Marguerite Yourcenar
Los mercaderes procedentes de Europa estaban sentados en el puente, de cara
a la mar azul, en la sombra color índigo de las velas remendadas de retazos grises.
El sol cambiaba constantemente de lugar entre los cordajes y, con el balanceo del
barco, parecía estar saltando como una pelota que rebotara por encima de una red
de mallas muy abiertas. El navío tenía que virar continuamente para evitar los escollos;
el piloto, atento a la maniobra, se acariciaba el mentón azulado.
Al crepúsculo, los mercaderes desembarcaron en una orilla
embaldosada de mármol blanco; vetas azuladas surcaban la superficie de las grandes
losas que antaño fueran revestimiento de templos. La sombra que cada uno de los
mercaderes arrastraba tras de sí por la calzada, al caminar en el sentido del ocaso,
era más alargada, más estrecha y no tan oscura como en pleno mediodía; su tonalidad,
de un azul muy pálido, recordaba a la de las ojeras que se extienden por debajo
de los párpados de una enferma. En las blancas cúpulas de las mezquitas espejeaban
inscripciones azules, cual tatuajes en un seno delicado; de vez en cuando, una turquesa
se desprendía por su propio peso del artesonado y caía con un ruido sordo sobre
las alfombras de un azul muelle y descolorido.
Se levantó la luna y emprendió una danza errática, como
un espíritu endiablado, entre las tumbas cónicas del cementerio. El cielo era azul,
semejante a la cola de escamas de una sirena, y el mercader griego encontraba en
las montañas desnudas que bordeaban el horizonte un parecido con las grupas azules
y rasas de los centauros.
Todas las estrellas concentraban su fulgor en el interior
del palacio de las mujeres. Los mercaderes penetraron en el patio de honor para
resguardarse del viento y del mar, pero las mujeres, asustadas, se negaban a recibirlos
y ellos se desollaron en vano las manos a fuerza de llamar a las puertas de acero,
relucientes como la hoja de un sable.
Tan intenso era el frío, que el mercader holandés perdió
los cinco dedos de su pie izquierdo; al mercader italiano le amputó los dedos de
la mano derecha una tortuga que él había tomado, en la oscuridad, por un simple
cabujón de lapislázuli. Por fin, un negrazo salió del palacio llorando y les explicó
que, noche tras noche, las damas rechazaban su amor por no tener la piel suficientemente
oscura. El mercader griego supo congraciarse con el negro merced al regalo de un
talismán hecho de sangre seca y de tierra de cementerio, así es que el nubio los
introdujo en una gran sala color ultramar y recomendó a las mujeres que no hablaran
demasiado alto para que no despertaran los camellos en su establo y no se alterasen
las serpientes que chupan la leche del claro de luna.

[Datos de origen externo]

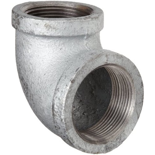 The Anvil 90-degree reducing elbow is a class 150 malleable iron pipe fitting with female National Pipe Taper (NPT) threads on both ends to connect and change the flow direction between two pipes of different sizes. The elbow has NPT threads for creating tighter seals than straight threads. It is made of malleable iron for use in gas, oil, and water applications and has a galvanized finish to help resist rust in water, air, and steam applications. This class 150 fitting meets standards ASTM A-197, ASME B 1.20.1, and ASME B 16.3 for quality assurance. Class is a standard relating to tolerance, construction, dimension, and wall thickness, but it is not a direct measurement of maximum working pressure.Pipe fittings are components used for connecting, terminating, controlling flow, and changing the direction of piping in many different industries. When purchasing pipe fittings, consider the application, as this will affect material type, shape, size and required durability. Fittings are available threaded or unthreaded, in many shapes, styles, sizes, and schedules (pipe wall thickness).Anvil International provides pipe products and design services. The company, founded in 1850 and headquartered in Portsmouth, NH, meets International Organization for Standardization (ISO) 9001:2000 standards and is certified by the American Petroleum Institute (API). Its fittings meet American Society for Testing and Materials (ASTM) and American Society of Mechanical Engineers (ASME) specifications.
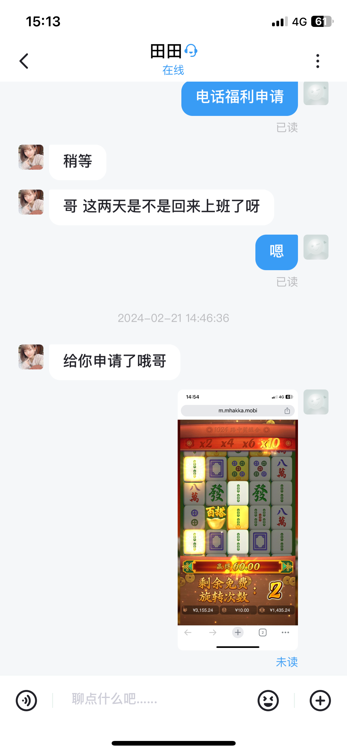 这个月是第2次打电话来送彩金了基本每个月都打1-2次电话送回访彩金这次直接白嫖5.1k

Los mercaderes abrieron sus cofres ante los ojos ávidos
de las esclavas, en medio de olorosos humos azules, pero ninguna de las damas respondió
a sus preguntas y las princesas no aceptaron sus regalos. En una sala revestida
de dorados, una china ataviada con un traje anaranjado los tachó de impostores,
pues las sortijas que le ofrecían se volvían invisibles al contacto de su piel amarilla.
Ninguno advirtió la presencia de una mujer vestida de negro, sentada en el fondo
de un corredor, y como le pisaran sin darse cuenta los pliegues de su falda, ella
los maldijo invocando al cielo azul en la lengua de los tártaros, invocando al sol
en la lengua turca, e invocando la arena en la lengua del desierto. En una sala
tapizada de telas de araña, los mercaderes no obtuvieron respuesta de otra mujer,
vestida de gris, que sin cesar se palpaba para estar segura de que existía; en la
siguiente sala, color grana, los mercaderes huyeron a la vista de una mujer vestida
de rojo que se desangraba por una ancha herida abierta en el pecho, aunque ella
parecía no darse cuenta, ya que su vestido no estaba ni siquiera manchado.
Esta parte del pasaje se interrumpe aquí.